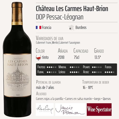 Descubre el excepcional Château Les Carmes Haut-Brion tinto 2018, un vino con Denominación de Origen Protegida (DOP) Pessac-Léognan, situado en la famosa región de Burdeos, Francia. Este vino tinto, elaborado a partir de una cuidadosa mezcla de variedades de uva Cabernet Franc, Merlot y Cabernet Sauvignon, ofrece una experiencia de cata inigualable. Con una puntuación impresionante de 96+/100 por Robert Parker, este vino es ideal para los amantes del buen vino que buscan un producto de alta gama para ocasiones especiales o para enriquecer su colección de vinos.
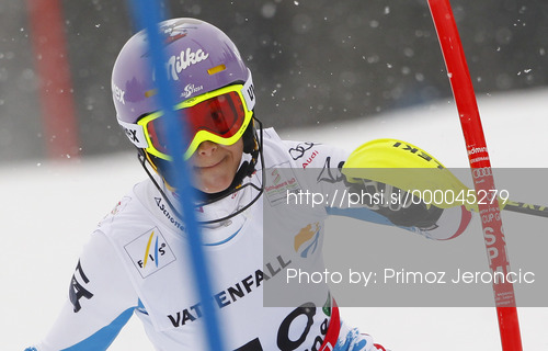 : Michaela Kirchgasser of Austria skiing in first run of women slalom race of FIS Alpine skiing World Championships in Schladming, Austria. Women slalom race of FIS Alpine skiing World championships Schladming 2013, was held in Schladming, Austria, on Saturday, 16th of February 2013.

•••••

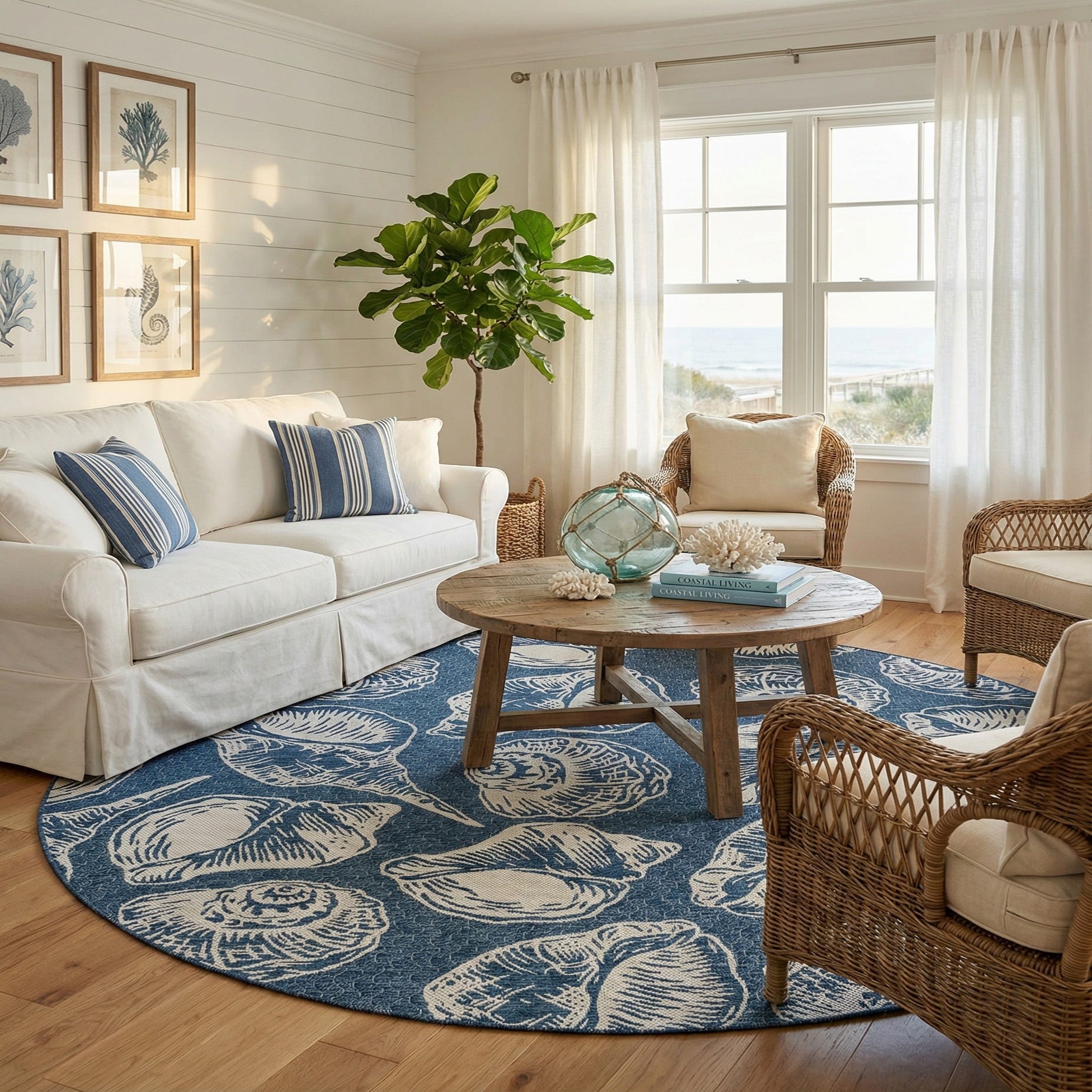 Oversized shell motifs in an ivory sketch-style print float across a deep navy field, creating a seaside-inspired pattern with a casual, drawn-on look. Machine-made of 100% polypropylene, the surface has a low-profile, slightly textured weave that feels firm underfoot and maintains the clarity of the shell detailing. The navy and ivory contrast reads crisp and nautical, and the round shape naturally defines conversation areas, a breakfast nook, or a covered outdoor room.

•••••

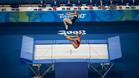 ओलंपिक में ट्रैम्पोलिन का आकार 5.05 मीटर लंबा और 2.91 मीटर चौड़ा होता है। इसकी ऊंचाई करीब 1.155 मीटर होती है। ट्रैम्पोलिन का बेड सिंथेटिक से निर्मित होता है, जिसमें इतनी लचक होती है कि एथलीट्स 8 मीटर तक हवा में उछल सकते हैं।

•••••

Beginning at the line above that contains "Descubre el excepcional" and going on through the line that contains "of February 2013.", please copy every line exactly, leaving the pictures out and adding nothing.

**Result:**
 Descubre el excepcional Château Les Carmes Haut-Brion tinto 2018, un vino con Denominación de Origen Protegida (DOP) Pessac-Léognan, situado en la famosa región de Burdeos, Francia. Este vino tinto, elaborado a partir de una cuidadosa mezcla de variedades de uva Cabernet Franc, Merlot y Cabernet Sauvignon, ofrece una experiencia de cata inigualable. Con una puntuación impresionante de 96+/100 por Robert Parker, este vino es ideal para los amantes del buen vino que buscan un producto de alta gama para ocasiones especiales o para enriquecer su colección de vinos.
 : Michaela Kirchgasser of Austria skiing in first run of women slalom race of FIS Alpine skiing World Championships in Schladming, Austria. Women slalom race of FIS Alpine skiing World championships Schladming 2013, was held in Schladming, Austria, on Saturday, 16th of February 2013.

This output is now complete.